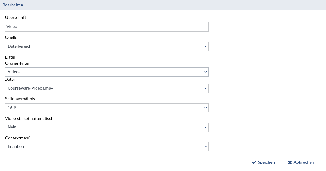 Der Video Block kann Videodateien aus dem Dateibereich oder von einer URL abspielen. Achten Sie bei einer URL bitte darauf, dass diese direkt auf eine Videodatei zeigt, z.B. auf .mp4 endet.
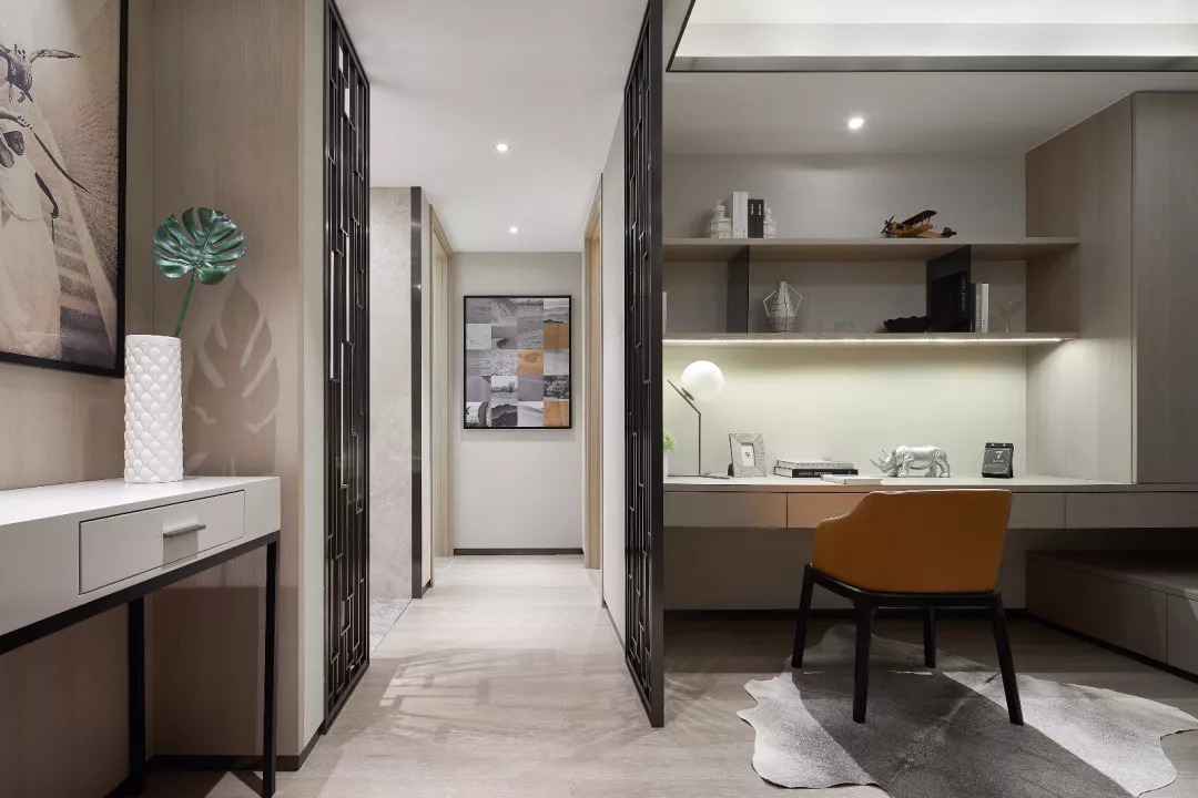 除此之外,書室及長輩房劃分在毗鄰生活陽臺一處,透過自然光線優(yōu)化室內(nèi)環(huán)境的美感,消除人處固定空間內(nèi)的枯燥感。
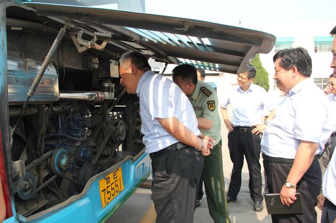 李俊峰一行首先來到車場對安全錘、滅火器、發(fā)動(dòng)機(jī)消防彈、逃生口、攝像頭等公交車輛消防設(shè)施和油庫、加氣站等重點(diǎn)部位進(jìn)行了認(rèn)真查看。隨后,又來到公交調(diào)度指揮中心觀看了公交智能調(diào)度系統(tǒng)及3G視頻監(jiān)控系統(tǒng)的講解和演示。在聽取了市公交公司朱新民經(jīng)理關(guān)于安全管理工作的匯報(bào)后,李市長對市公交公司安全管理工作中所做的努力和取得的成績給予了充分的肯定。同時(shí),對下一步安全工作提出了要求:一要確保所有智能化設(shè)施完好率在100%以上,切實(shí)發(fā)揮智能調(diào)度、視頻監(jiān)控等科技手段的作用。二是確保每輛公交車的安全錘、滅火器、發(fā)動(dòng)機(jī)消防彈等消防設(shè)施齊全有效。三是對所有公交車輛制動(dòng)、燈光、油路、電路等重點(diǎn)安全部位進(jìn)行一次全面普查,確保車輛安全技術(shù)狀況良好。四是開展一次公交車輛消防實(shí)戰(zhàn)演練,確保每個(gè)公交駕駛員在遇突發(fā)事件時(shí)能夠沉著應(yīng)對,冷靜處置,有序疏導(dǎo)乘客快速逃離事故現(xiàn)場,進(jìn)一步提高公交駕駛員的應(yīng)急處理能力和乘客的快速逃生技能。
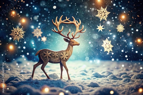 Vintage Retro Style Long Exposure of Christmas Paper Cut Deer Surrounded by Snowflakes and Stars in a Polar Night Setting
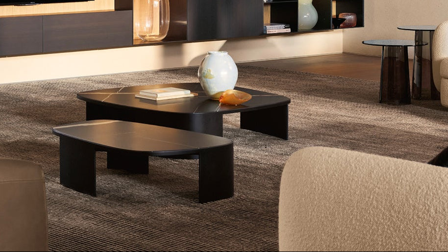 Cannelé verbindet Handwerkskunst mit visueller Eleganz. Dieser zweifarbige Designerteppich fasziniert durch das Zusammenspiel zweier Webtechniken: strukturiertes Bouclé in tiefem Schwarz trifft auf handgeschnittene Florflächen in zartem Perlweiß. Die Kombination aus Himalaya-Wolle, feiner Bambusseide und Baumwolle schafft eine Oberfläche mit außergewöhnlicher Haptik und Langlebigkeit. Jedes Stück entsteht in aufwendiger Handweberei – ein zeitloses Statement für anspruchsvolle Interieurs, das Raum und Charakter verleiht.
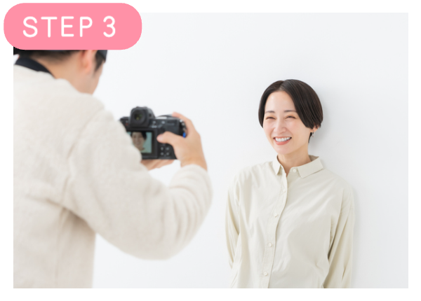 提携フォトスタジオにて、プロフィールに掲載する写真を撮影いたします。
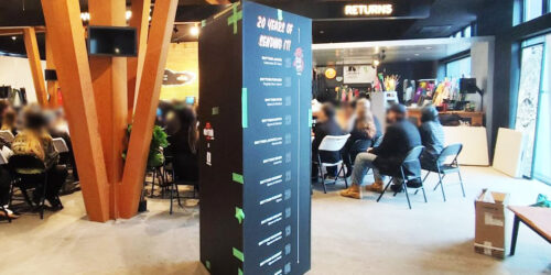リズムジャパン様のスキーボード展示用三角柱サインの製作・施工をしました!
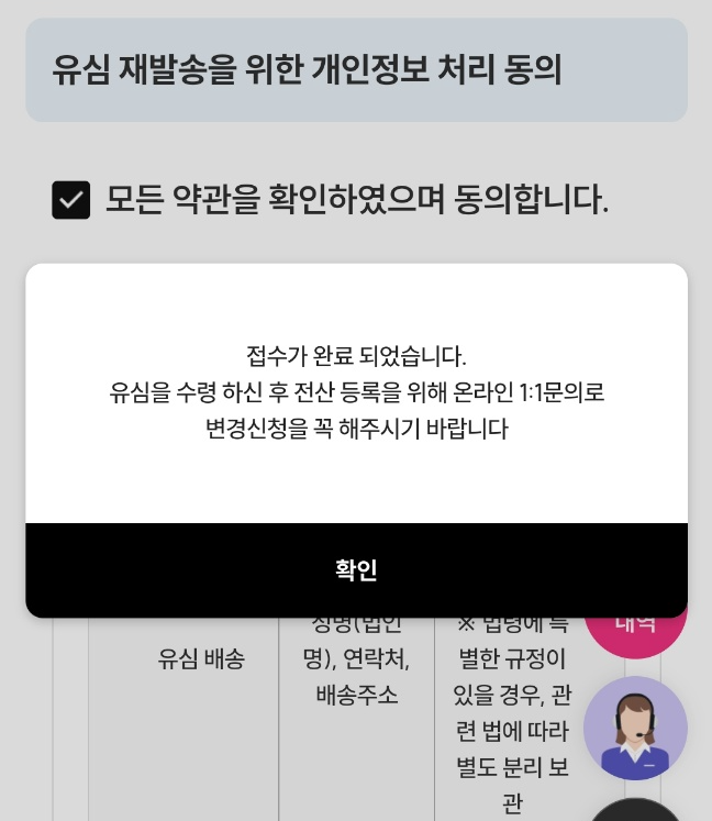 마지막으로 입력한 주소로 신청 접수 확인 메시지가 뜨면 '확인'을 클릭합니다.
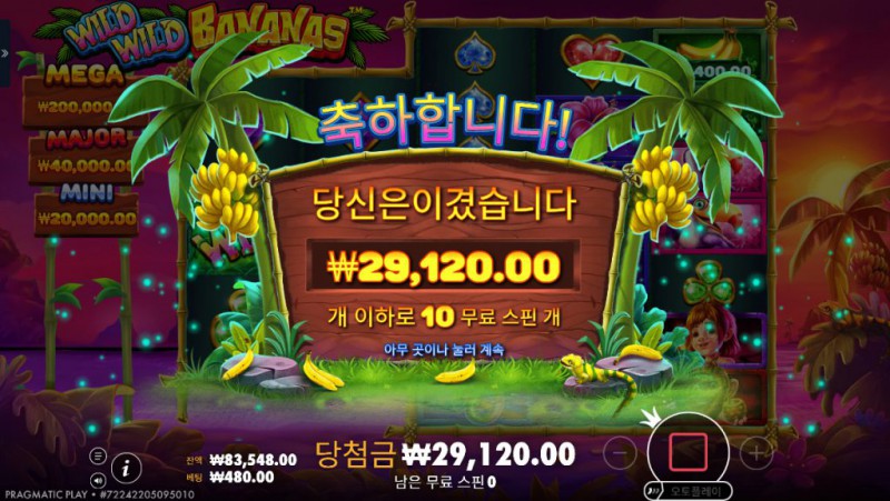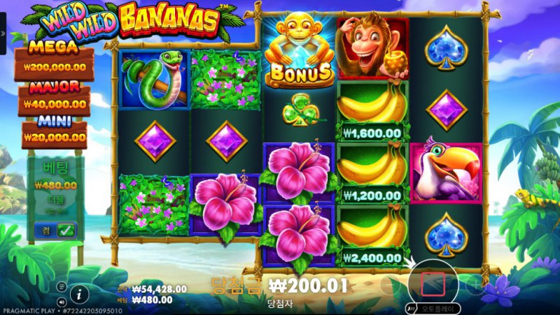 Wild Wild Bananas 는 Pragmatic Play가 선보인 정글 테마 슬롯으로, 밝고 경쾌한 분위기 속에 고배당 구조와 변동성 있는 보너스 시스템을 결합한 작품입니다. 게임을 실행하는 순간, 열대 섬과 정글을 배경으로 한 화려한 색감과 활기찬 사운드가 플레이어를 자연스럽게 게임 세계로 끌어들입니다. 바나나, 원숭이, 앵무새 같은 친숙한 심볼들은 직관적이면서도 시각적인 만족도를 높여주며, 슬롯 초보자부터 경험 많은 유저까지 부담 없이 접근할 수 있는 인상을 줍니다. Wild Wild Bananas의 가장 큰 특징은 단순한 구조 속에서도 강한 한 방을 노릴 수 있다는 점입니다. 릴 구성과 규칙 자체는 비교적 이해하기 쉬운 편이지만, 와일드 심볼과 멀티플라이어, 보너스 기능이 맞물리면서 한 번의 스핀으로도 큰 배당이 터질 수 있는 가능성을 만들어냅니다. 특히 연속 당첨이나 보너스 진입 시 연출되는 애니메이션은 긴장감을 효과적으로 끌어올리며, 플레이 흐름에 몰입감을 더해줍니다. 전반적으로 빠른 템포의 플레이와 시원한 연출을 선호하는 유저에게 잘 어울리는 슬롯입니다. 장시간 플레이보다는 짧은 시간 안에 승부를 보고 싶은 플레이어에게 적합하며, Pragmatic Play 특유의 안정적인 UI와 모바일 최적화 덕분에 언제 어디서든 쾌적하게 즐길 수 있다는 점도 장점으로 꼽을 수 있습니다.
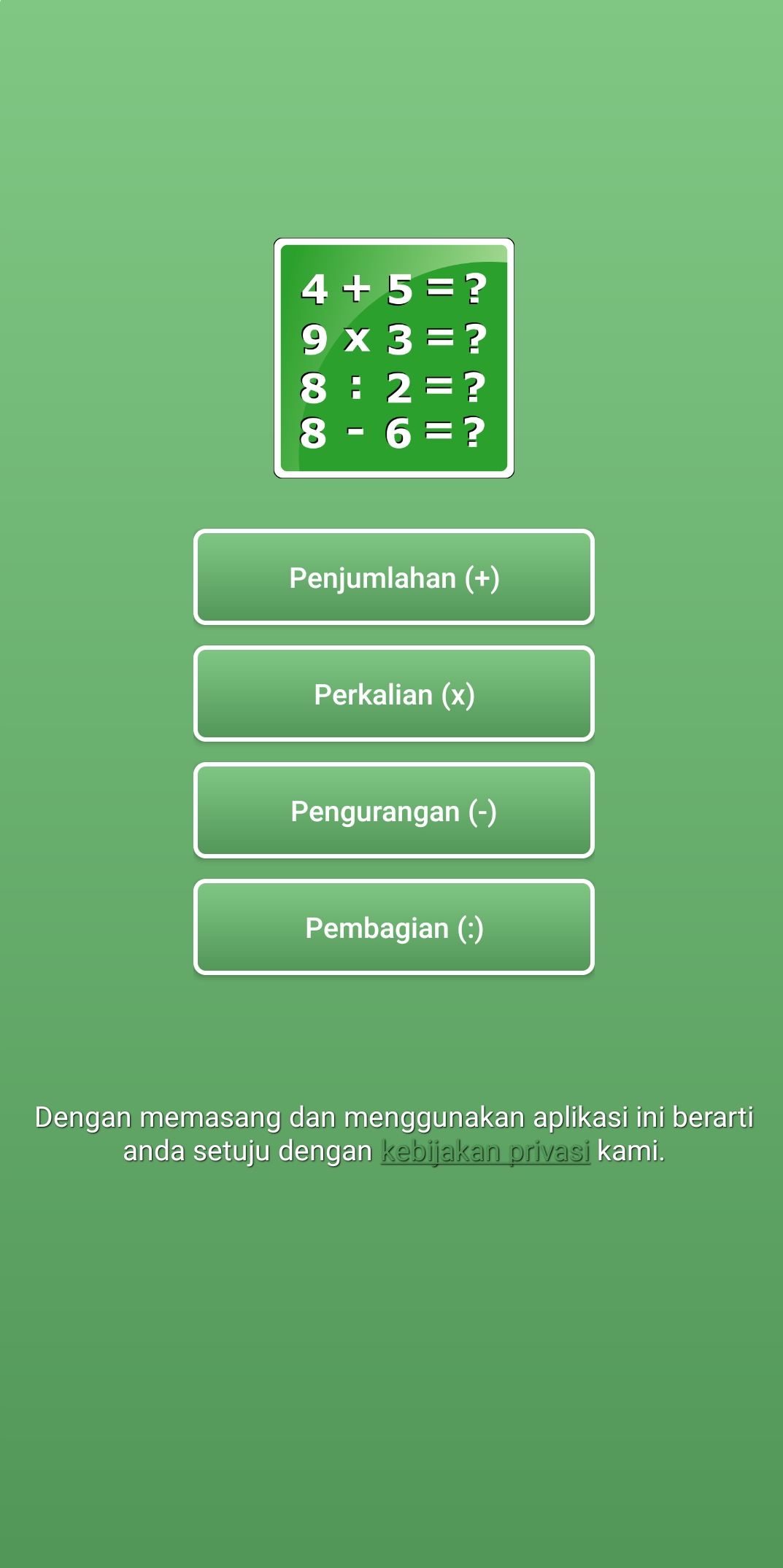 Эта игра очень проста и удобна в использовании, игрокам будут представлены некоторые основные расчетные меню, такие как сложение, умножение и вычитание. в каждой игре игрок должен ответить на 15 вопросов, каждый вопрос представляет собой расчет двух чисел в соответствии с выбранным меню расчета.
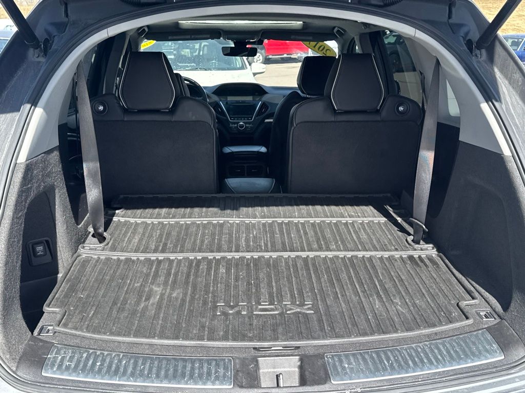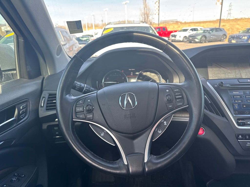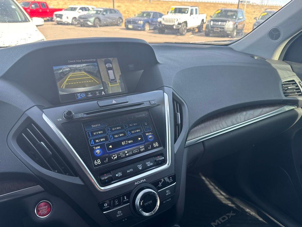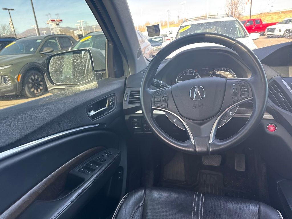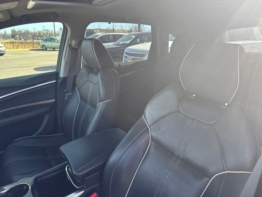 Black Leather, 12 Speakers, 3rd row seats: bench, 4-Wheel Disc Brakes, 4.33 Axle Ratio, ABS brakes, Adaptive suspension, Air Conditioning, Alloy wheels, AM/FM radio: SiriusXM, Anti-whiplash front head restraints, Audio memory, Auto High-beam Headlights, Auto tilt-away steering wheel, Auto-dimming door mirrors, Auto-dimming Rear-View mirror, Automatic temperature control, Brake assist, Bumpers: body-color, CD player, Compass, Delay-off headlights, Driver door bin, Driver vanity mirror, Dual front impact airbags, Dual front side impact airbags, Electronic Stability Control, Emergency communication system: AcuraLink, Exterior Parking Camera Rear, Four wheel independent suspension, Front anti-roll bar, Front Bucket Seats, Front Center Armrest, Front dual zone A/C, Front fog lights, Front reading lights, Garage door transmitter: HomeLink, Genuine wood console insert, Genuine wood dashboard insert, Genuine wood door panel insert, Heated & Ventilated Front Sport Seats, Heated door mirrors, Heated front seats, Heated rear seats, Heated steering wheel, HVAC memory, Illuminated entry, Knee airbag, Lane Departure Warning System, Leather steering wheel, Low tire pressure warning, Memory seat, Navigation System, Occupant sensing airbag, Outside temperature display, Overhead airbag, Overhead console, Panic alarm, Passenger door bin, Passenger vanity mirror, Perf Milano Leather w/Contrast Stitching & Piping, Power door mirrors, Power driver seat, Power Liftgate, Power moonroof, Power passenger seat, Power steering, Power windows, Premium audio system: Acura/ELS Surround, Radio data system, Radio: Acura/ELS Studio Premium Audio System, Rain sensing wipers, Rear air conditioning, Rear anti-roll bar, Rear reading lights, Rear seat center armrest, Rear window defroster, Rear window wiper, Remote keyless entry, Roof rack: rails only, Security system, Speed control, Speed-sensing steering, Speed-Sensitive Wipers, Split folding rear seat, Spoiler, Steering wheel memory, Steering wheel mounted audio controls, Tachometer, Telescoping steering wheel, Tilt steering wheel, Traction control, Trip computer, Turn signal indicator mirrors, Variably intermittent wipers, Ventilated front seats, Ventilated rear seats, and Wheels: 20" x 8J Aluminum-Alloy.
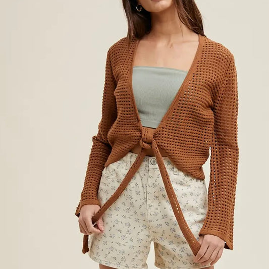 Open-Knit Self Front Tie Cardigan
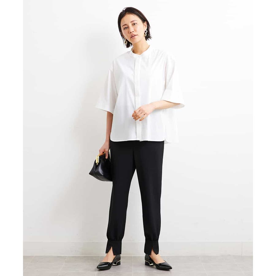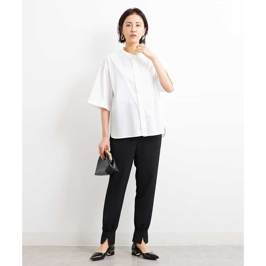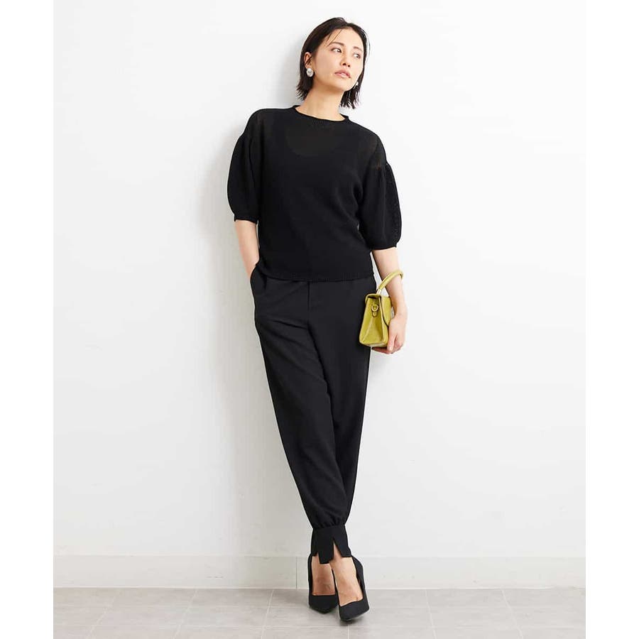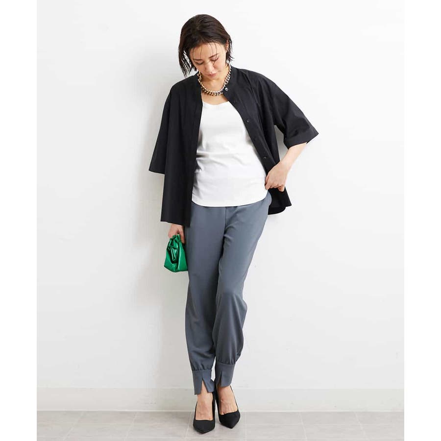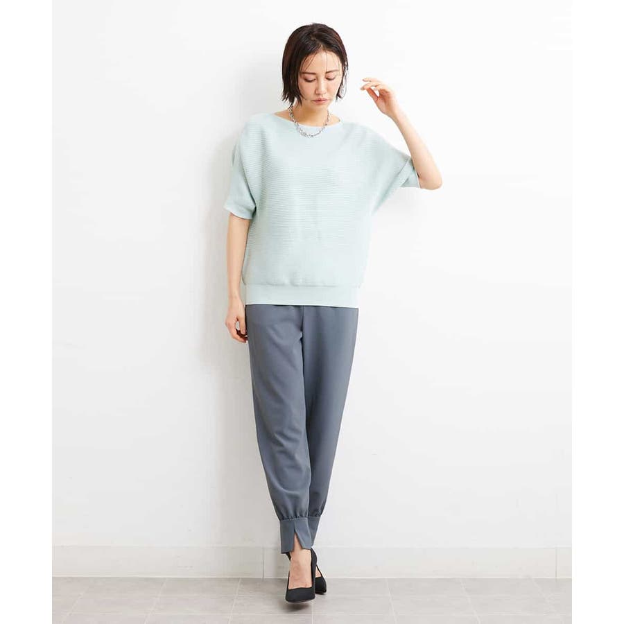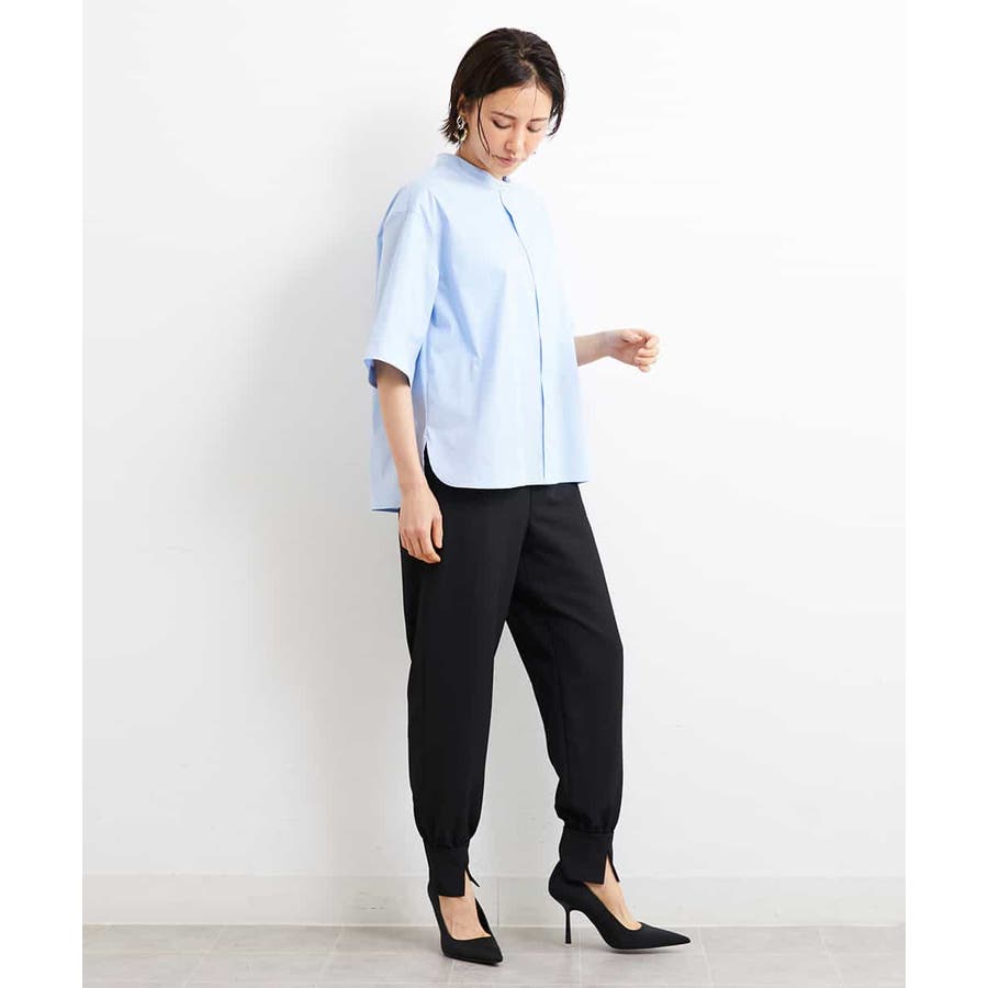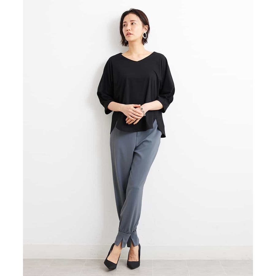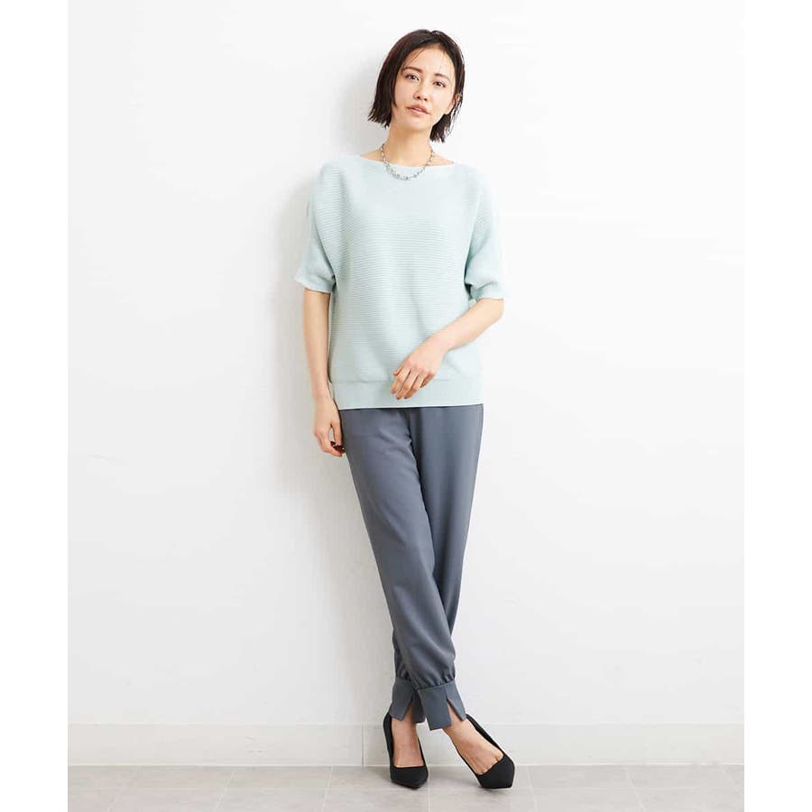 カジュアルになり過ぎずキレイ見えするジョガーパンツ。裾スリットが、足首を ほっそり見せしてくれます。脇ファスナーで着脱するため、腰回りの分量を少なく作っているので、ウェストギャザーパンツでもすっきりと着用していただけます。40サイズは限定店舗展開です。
....
- [Directions]
The answer should contain only the lines from the start of the records above through the line with "除此之外,書室及長輩房劃分在", copied exactly, and no pictures.

- [Answer to this exercise]
 Der Video Block kann Videodateien aus dem Dateibereich oder von einer URL abspielen. Achten Sie bei einer URL bitte darauf, dass diese direkt auf eine Videodatei zeigt, z.B. auf .mp4 endet.
 除此之外,書室及長輩房劃分在毗鄰生活陽臺一處,透過自然光線優(yōu)化室內(nèi)環(huán)境的美感,消除人處固定空間內(nèi)的枯燥感。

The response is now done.